* [EXERCISE BRIEF]: Look through the entries below and copy exactly the part that begins with the line containing "Elegant black leather" and ends with the line containing "重點是:9/30 以前,全支付在韓國消費有基本 3.5%". Do not copy the pictures.

* [DATA FOR ANALYSIS]:
= = =

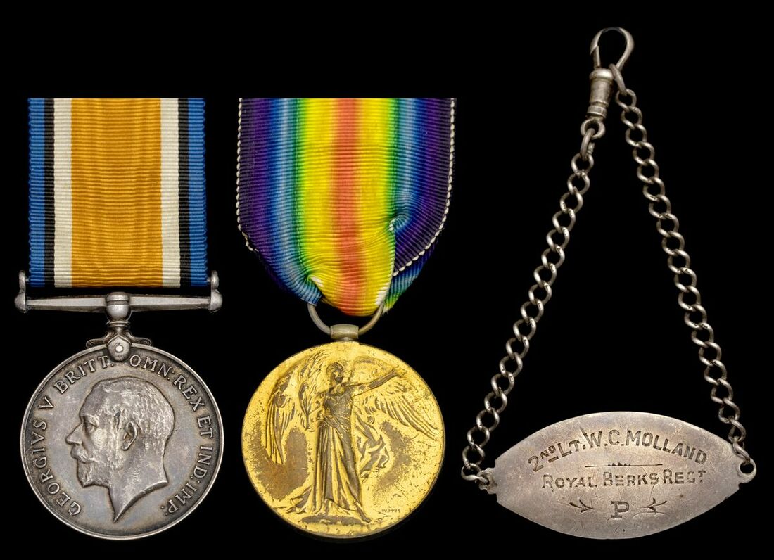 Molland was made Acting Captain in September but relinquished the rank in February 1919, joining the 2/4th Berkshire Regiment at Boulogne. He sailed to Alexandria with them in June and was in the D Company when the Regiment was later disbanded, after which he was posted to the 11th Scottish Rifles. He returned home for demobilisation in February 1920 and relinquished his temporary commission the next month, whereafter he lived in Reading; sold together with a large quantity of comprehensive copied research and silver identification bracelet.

= = =

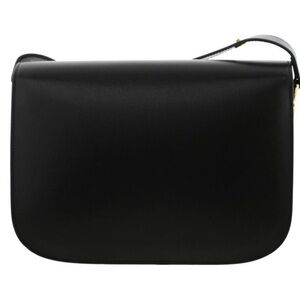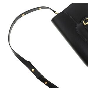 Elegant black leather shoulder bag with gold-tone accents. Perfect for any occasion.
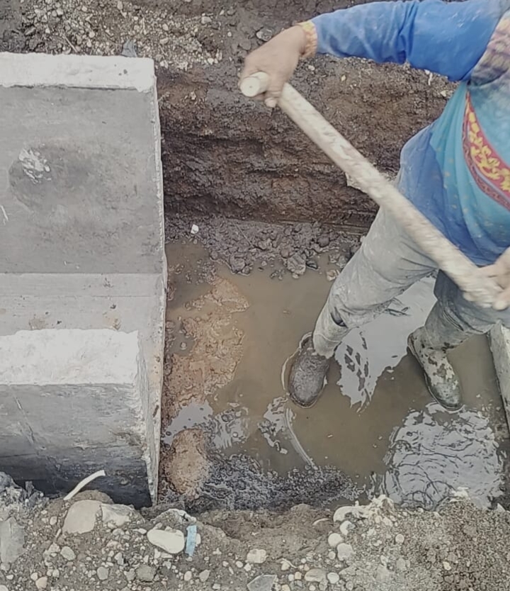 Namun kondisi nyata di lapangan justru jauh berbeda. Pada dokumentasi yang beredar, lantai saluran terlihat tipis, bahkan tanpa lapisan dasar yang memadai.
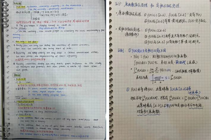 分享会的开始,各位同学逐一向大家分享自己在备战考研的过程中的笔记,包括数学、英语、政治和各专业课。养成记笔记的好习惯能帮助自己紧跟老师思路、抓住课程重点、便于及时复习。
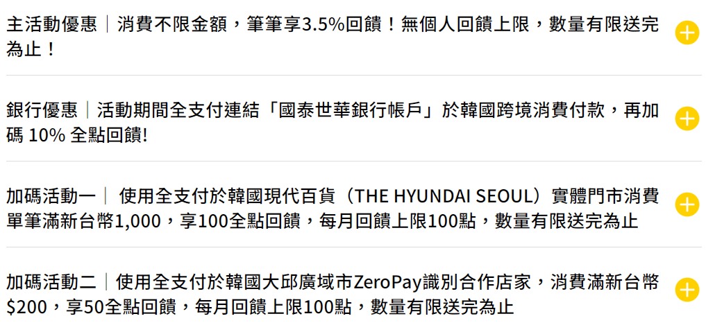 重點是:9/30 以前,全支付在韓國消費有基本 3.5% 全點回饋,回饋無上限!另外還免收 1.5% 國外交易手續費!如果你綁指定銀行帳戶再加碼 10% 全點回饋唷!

= = =

* [SOLUTION FOR THIS TASK]:
 Elegant black leather shoulder bag with gold-tone accents. Perfect for any occasion.
 Namun kondisi nyata di lapangan justru jauh berbeda. Pada dokumentasi yang beredar, lantai saluran terlihat tipis, bahkan tanpa lapisan dasar yang memadai.
 分享会的开始,各位同学逐一向大家分享自己在备战考研的过程中的笔记,包括数学、英语、政治和各专业课。养成记笔记的好习惯能帮助自己紧跟老师思路、抓住课程重点、便于及时复习。
 重點是:9/30 以前,全支付在韓國消費有基本 3.5% 全點回饋,回饋無上限!另外還免收 1.5% 國外交易手續費!如果你綁指定銀行帳戶再加碼 10% 全點回饋唷!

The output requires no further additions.